What I’m getting at is that you and I are not under the covenant agreement between God and Israel called the Mosaic Law. That was only between God and ancient Israel. After the days of David and his son Solomon, Israel would go on to break that covenant. God would declare that covenant broken, and Israel was exiled from the land. Eventually God brought them back to the land, and he promised that he would make a new covenant.
He kept that promise in Jesus. This is why Jesus said to his disciples, at the Last Supper, when he taught them to observe communion, he said the cup represents, “my blood of the new covenant, which is poured out for many for the forgiveness of sins.” Through Jesus’ death and resurrection, then, we enter into a new covenant, a new agreement with God. No longer is God in covenant agreement with a biological people who live on a geographical piece of land. Instead, his covenant is with the church, which is the body of Christ, all those who are true disciples of Jesus.
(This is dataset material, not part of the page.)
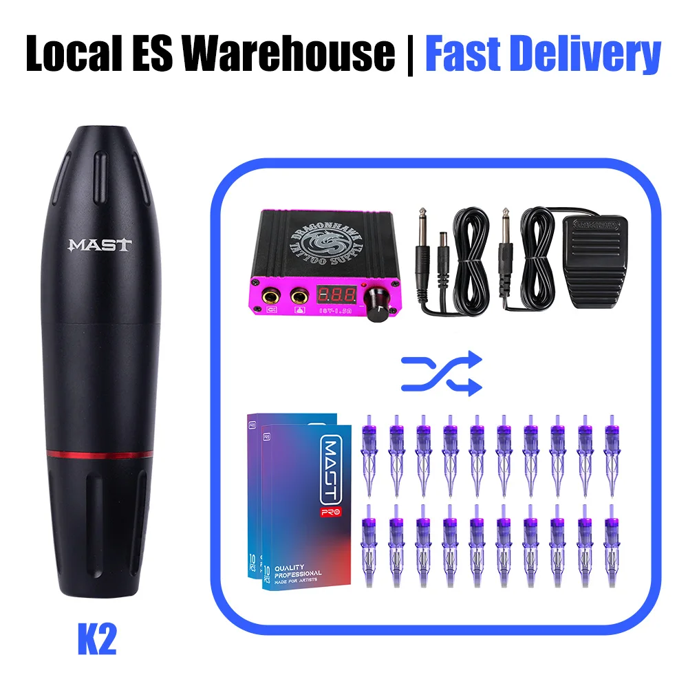 Mast K2 ES Magazijn Snelle levering Professionele tattoo-kits Rotary Tattoo Machine Cartridge Naalden Mini-voedingset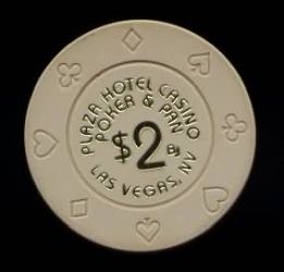 | 217. | Plaza Las Vegas NV, 2.00 Tan chip, Poker & Pan, Bud Jones, circle inlay, hotstamped

There are terms of that new covenant. Those terms are the expectations that God has for his people, the church. We are to live like Jesus lived. Christians do not send armies to geographical territory to build God’s kingdom by lying and murdering the inhabitants. The kingdom of God is not advanced by human military might, or human political might. The kingdom of God is advanced as humans, flowing with the Fruit of the Spirit, proclaim the Good News of Jesus in both word and deed to the people in communities where we live, work and play.
We practice the ethics of the Kingdom. Truth-telling, humility, selfless sacrifice, generosity, hope, peacemaking, etc.